# BB slingshot setup



## koolranch (Oct 30, 2019)

I'm looking for recommendations for a slingshot specifically to shoot bbs. I would like to buy one and not mod or make one. Thank you.

Sent from my SM-G973U using Tapatalk


----------



## Tree Man (Jun 30, 2016)

Head over to simpleshot.com and check out the " deadringer". Can't go wrong.


----------



## koolranch (Oct 30, 2019)

treeman said:


> Head over to simpleshot.com and check out the " deadringer". Can't go wrong.


Will do thank you.

Sent from my SM-G973U using Tapatalk


----------



## MikeyLikesIt (Oct 19, 2018)

Many of the slingshot makers out there make rigs perfect for BB's, but the only thing you really need to worry about is your bands. Simpleshot sells BB bands and tubes, so you can always throw those on an existing frame and shoot BB's well. You just don't want to use bands that overpower your ammo and make you inaccurate. Common setups I like are single 1632 tubing or #64 office rubber-bands.
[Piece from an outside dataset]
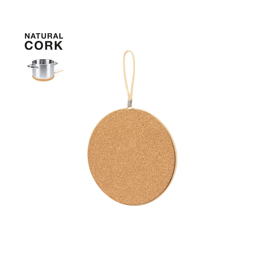 Useful kitchen stand made of natural cork. It is resistant to high temperatures and is specially designed to accommodate hot containers such as pots and pans, while preserving the surface underneath. With cord at the base for hanging.Made with plant-based elements to promote the use of natural raw materials and reduce polluting emissions.

As for frames, I've seen some pretty cool BB sized frames at the following company websites:

WASP Slingshots - Imp

Simple Shot - Deadringer and Jelly Bean

A+ Slingshots - BB Shooter, The Wasp, The Dandy

Pocket Predator - several small frames that would be great for BB's

and I'd be remiss if I didn't mention JoeyJ5Lujan's LBS frame. He's a member on the forum, and if you PM him he can quote you a price and give you some info. Good luck and welcome to the forum!


----------